[Dataset items]
[Start of Attachment]

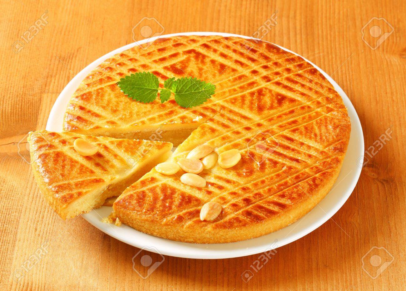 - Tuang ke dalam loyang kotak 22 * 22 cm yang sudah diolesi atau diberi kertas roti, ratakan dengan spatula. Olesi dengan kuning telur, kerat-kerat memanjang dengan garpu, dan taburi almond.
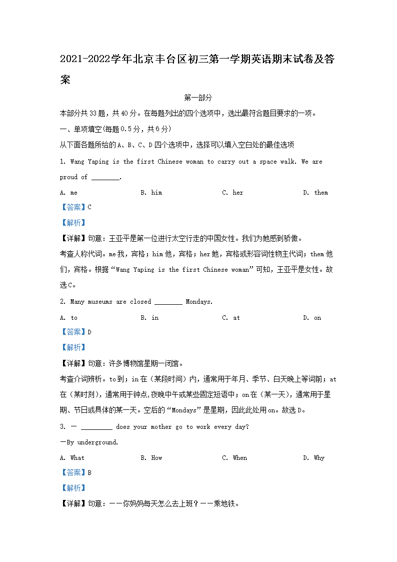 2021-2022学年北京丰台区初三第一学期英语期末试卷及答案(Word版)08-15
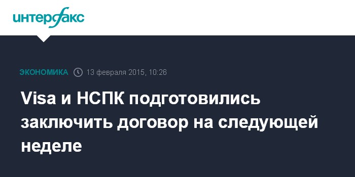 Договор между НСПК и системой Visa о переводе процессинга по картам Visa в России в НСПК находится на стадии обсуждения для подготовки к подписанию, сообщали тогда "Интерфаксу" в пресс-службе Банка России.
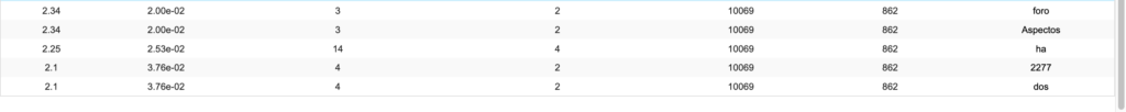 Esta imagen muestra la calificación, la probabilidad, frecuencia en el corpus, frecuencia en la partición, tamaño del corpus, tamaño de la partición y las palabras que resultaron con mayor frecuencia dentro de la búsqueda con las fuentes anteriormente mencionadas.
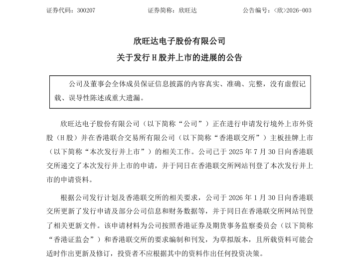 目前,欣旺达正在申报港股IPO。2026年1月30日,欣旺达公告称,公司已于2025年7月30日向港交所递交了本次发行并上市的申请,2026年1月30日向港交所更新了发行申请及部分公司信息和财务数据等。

[End of Attachment]

What the task requires ::
The reply should contain all of the data above, word for word, with no pictures.

Written response ::
 - Tuang ke dalam loyang kotak 22 * 22 cm yang sudah diolesi atau diberi kertas roti, ratakan dengan spatula. Olesi dengan kuning telur, kerat-kerat memanjang dengan garpu, dan taburi almond.
 2021-2022学年北京丰台区初三第一学期英语期末试卷及答案(Word版)08-15
 Договор между НСПК и системой Visa о переводе процессинга по картам Visa в России в НСПК находится на стадии обсуждения для подготовки к подписанию, сообщали тогда "Интерфаксу" в пресс-службе Банка России.
 Esta imagen muestra la calificación, la probabilidad, frecuencia en el corpus, frecuencia en la partición, tamaño del corpus, tamaño de la partición y las palabras que resultaron con mayor frecuencia dentro de la búsqueda con las fuentes anteriormente mencionadas.
 目前,欣旺达正在申报港股IPO。2026年1月30日,欣旺达公告称,公司已于2025年7月30日向港交所递交了本次发行并上市的申请,2026年1月30日向港交所更新了发行申请及部分公司信息和财务数据等。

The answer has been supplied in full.